The New MacBook Has One Huge Shortcoming

11 Apr 2015 | Author: | No comments yet »

Five things we’ve learned from the first MacBook reviews.

At its “Spring Forward” media event last month, Apple announced a new vision for its MacBook laptop: a thinner screen, brand-new trackpad, edge-to-edge keyboard (a feature which hasn’t been present on a Mac laptop since the PowerBook G4 released a decade ago), and a single port to handle charging and physical connections. Early reviews of the new MacBook are in, and the consensus is that it’s probably the most beautiful laptop ever released, bar none – but that it’s somewhat ill-equipped to deal with the realities of the way most people use computers today. But having a laptop from the future is both good and bad. “Using a computer that feels like it fell through a time warp from the future is fun, but if that computer drops through the wormhole without any compatible accessories then there’s going to be some aggravation, too,” writes Jason Snell for MacWorld. Much of that beauty has to do with just how insanely thin and light it is.” The MacBook weighs just two pounds, making it almost a pound lighter than the 13-inch MacBook Air and about a pound and a half lighter than the 13-inch MacBook Pro.

But most also say that they can’t wait to see the model that comes after this one — a sign that there’s still some progress to be made to appeal to everyone. The Verge’s Dieter Bohn wrote, “the essential friction and ‘clack’ that make up any great keyboard is still here, just different than what I was used to.

That’s not necessarily a bad thing, but it’s worth thinking hard about, as you’ll need to also buy at least one adaptor to connect to any accessories you may already use — including your iPhone, iPad or iPod. I can bang away on this thing or type more softly, and both feel completely satisfying.” Reviewers also found the MacBook’s glass trackpad satisfying to use, although many wrote that its more subtle click feel took a day or two to get used to. As Jim Dalrymple of the Apple-focused news blog The Loop says in his (very positive) review of the laptop: “If you know going into the purchase that you are going to connect a bunch of things to your computer, perhaps the MacBook isn’t for you.

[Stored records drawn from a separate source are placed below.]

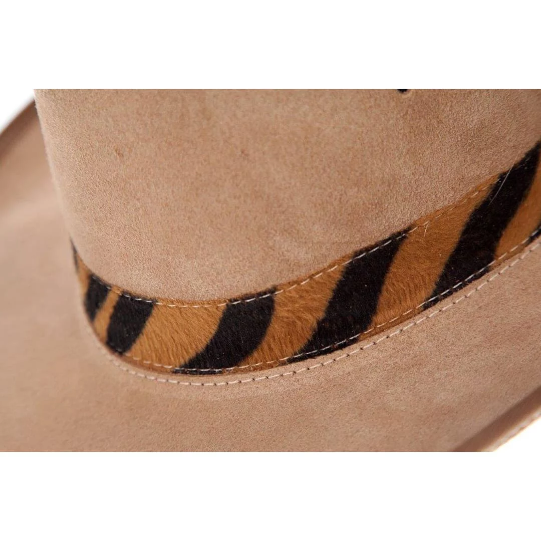 Suede Hat with Animal Material Trim – Sand
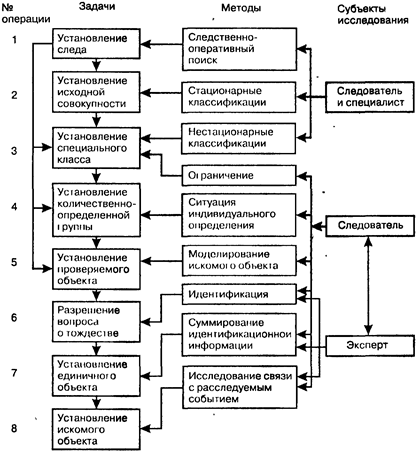 Рис. 4. Структура поисково-идентификационной деятельности взлома, при изучении следов транспорта – модель автомашины, при изучении крови –.группа и тип крови и т.д. Наряду со стационарными классификациями для сужения исходной совокупности могут использоваться хорошо выраженные и устойчивые особенности искомого объекта, например автомашины марки МАЗ-205 с сильно изношенными протекторами задних колес, пистолеты «ТТ» с дефектом (выщербленностью) бойка и т.п. В отличие от стационарных такие классы называются «нестационарными» или «специальными». Переход от широких ко все более узким группам объектов осуществляется путем последовательного накопления идентификационных признаков. Чем больше идентификационных (индивидуализирующих) признаков установлено в процессе сравнительного исследования, тем более узкую группу они характеризуют. При определении классификационной принадлежности объектов необходимо учитывать не только количество, но и специфичность установленных признаков. Определение исходной совокупности как классификационное исследование характеризуется следующими чертами: а) объектом исследования является след искомого объекта (в широком смысле слова). Механизм образования следа изучается как элемент расследуемого события. Так, механизм образования следа на преграде сопоставляется с данными о способе взлома и используемыми в этих случаях преступниками орудиями взлома; б) образцы в виде конкретных проверяемых объектов отсутствуют, Для сравнения в этих случаях могут быть привлечены так называемые «научные образцы» – эталоны различных классификационных групп, например образцы металлов, тканей, порохов, пищевых продуктов, биологических видов и т.д.; в) сравнение следа искомого объекта с эталоном производится по классификационным признакам стандартных классификаций; г) установление исходной совокупности происходит, как правило, в несколько этапов в направлении максимального сужения группы. Определение наиболее узкой классификационной группы требует специального научно-технического исследования и привлечения специалистов. Следователь, как правило, может установить лишь принадлежность искомого объекта к относительно широким классификационным группам (например, след оставлен грузовым автомобилем, но не автомобилем определенной марки, пуля стреляна из пистолета калибра 9 мм, но не конкретной модели и т.д.). Из сказанного ясно, что определение исходной совокупности не может быть отнесено к компетенции следователя или суда. В практике расследования часто встречаются классификационные исследования, не связанные с идентификацией и имеющие самостоятельное доказательственное значение. Таково, например, исследование химической природы вещества, найденного на месте предполагаемого отравления (мышьяк, морфий, барбитураты и т.д.), разрешение вопроса о принадлежности обнаруженного при личном обыске задержанного предмета к огнестрельному или холодному оружию, случаи определения природы, назначения и наименования предметов. Классификация отнесение предмета к определенному роду, виду, сорту и т.п., в этих случаях не преследует цели индивидуализации, выделения единичного объекта из их определенной массы. В отличие от идентификации такие исследования называются определением родовой (видовой) принадлеж
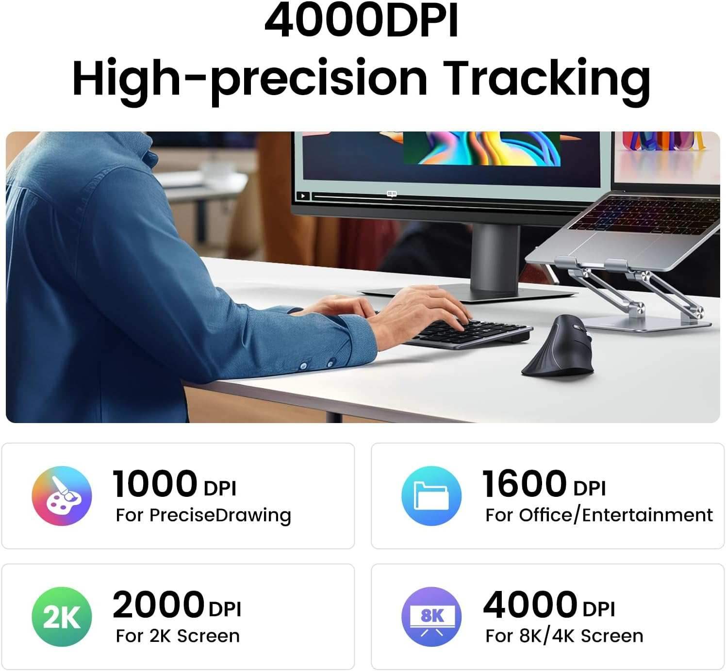 - High DPI and Adjustable Levels: This ergonomic mouse offers a high DPI range with four adjustable levels: 1000, 1600, 2000, and 4000. This provides exceptional precision and control for both desktop and gaming applications
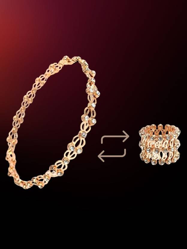 The Gold bracelet for women is a symbol of timeless elegance and luxury. The rich gold finish enhances the brilliance of the cubic zirconia stones, making it a statement piece for those who love bold, classic jewelry. Whether worn as a bracelet or a ring, this design exudes confidence and sophistication.
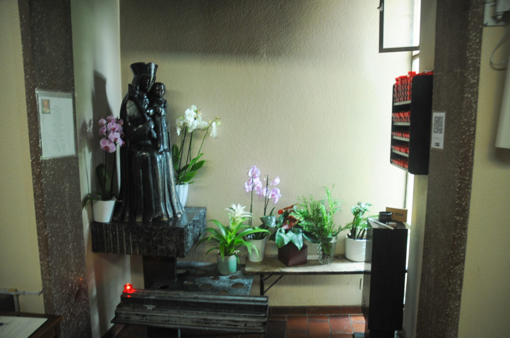 Dans l’un des coins de l’église, vous trouverez une Vierge à l’Enfant, aux pieds de laquelle vous pouvez déposer une bougie, symbole de la présence divine, puisqu’elle est une lumière dans l’obscurité. Sa flamme accompagnera ensuite vos intentions de prières ou bien vos intercessions pour des proches malades ou des défunts. Si besoin, vous pouvez lire la prière affichée à gauche de l’image. Pour payer pour la bougie, il suffit juste de scanner le Qr code à gauche de l’image.

Reviewers were somewhat harsher in their assessment of the MacBook’s single port: a lone USB-C jack on the laptop’s left side, accompanied by a headphone jack on its right. “Here in 2015, the majority of us still require two or three ports for connecting our hard drives, displays, phones and other devices to our computer—not to mention a dedicated power plug,” wrote Ms.

There’s nothing wrong with that, but for a lot of people, like me, not having the ports isn’t a big deal.” Many reviewers also noted it’s slightly underpowered — another concession to its size — as compared to the rest of Apple’s laptop line. Mashable’s Christina Warren notes there “can be slowdowns, particularly if I’ve got tons of tabs open in multiple web browsers.” Still, she said the laptop was enough to be her “day-to-day machine.” Battery life may be a problem. There aren’t very many USB-C devices on the market right now, and an adapter that allows the user to plug in HDMI, legacy USB, and USB-C devices to the MacBook costs $80 from Apple. “Apple’s real bet is that you won’t need that port for much of anything,” writes David Pierce at Wired. “Ditch your external hard drive, the USB-C port begs … forget about your second monitor, because look at this screen!” The MacBook featured a “tiered” battery that crams more power into a smaller space, with the goal of letting people use the laptop all day without needing to charge it. One concern I’ve heard raised about the MacBook is that its one port for power and everything else means that you can’t charge while doing, well, anything else. But Katherine Boehret of Re/Code found the MacBook didn’t do well under heavy tests. “[My] harsh battery tests — screen at full brightness, power-saving off, Wi-Fi on to collect email in the background and a loop of video playing on iTunes — got only five hours and 23 minutes before dying.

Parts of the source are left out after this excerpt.